TASK → In the records below, find the line with "- ★鉄製 置物 香炉?" and the line with "本公司資安風險策略主軸聚焦於"; return exactly those lines and every line between them.

TASK DATA: Begin

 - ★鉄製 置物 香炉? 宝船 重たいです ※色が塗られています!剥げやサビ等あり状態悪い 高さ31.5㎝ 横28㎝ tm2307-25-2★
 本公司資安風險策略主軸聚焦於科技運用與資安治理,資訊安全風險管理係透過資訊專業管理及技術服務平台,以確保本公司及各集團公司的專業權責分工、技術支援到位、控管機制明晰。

TASK DATA: End
TASK DATA: Begin

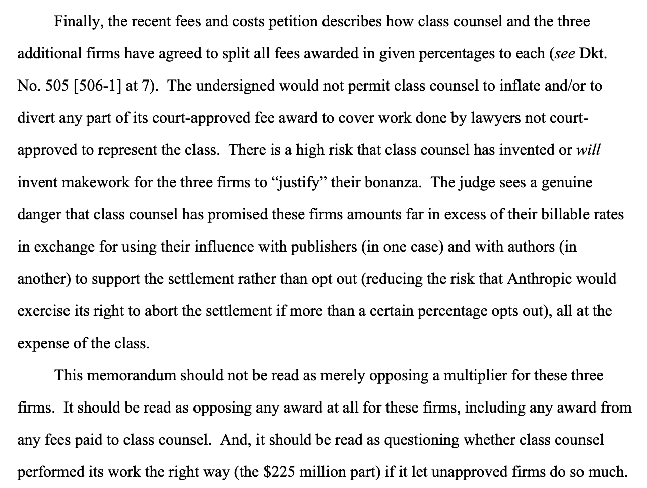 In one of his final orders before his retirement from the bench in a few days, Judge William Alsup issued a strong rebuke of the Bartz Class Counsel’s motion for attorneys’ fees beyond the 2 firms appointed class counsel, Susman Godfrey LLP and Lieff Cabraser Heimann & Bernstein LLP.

TASK DATA: End

TASK RESULT →
 - ★鉄製 置物 香炉? 宝船 重たいです ※色が塗られています!剥げやサビ等あり状態悪い 高さ31.5㎝ 横28㎝ tm2307-25-2★
 本公司資安風險策略主軸聚焦於科技運用與資安治理,資訊安全風險管理係透過資訊專業管理及技術服務平台,以確保本公司及各集團公司的專業權責分工、技術支援到位、控管機制明晰。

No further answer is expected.